= Dataset section =

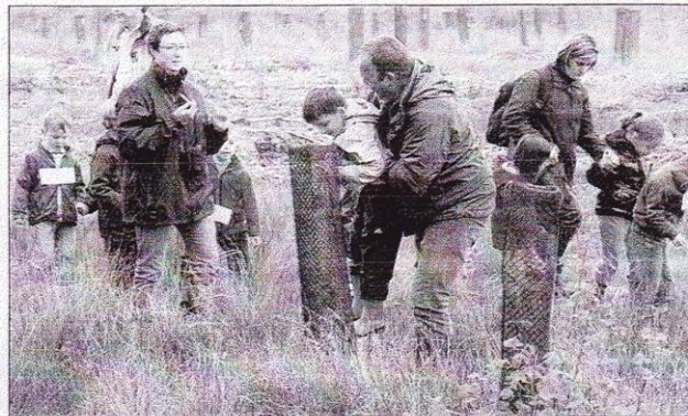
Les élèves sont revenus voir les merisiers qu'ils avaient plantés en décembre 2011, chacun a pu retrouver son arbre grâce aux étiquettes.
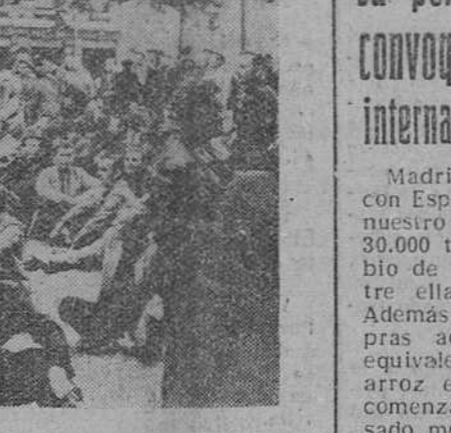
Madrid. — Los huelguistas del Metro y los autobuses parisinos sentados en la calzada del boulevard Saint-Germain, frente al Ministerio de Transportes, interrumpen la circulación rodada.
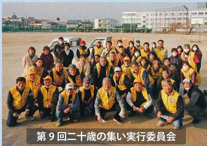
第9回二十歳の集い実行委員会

= What the exercise asks =
Images should not appear in the copy; retype the listing above exactly.

= Exercise output =
Les élèves sont revenus voir les merisiers qu'ils avaient plantés en décembre 2011, chacun a pu retrouver son arbre grâce aux étiquettes.
Madrid. — Los huelguistas del Metro y los autobuses parisinos sentados en la calzada del boulevard Saint-Germain, frente al Ministerio de Transportes, interrumpen la circulación rodada.
第9回二十歳の集い実行委員会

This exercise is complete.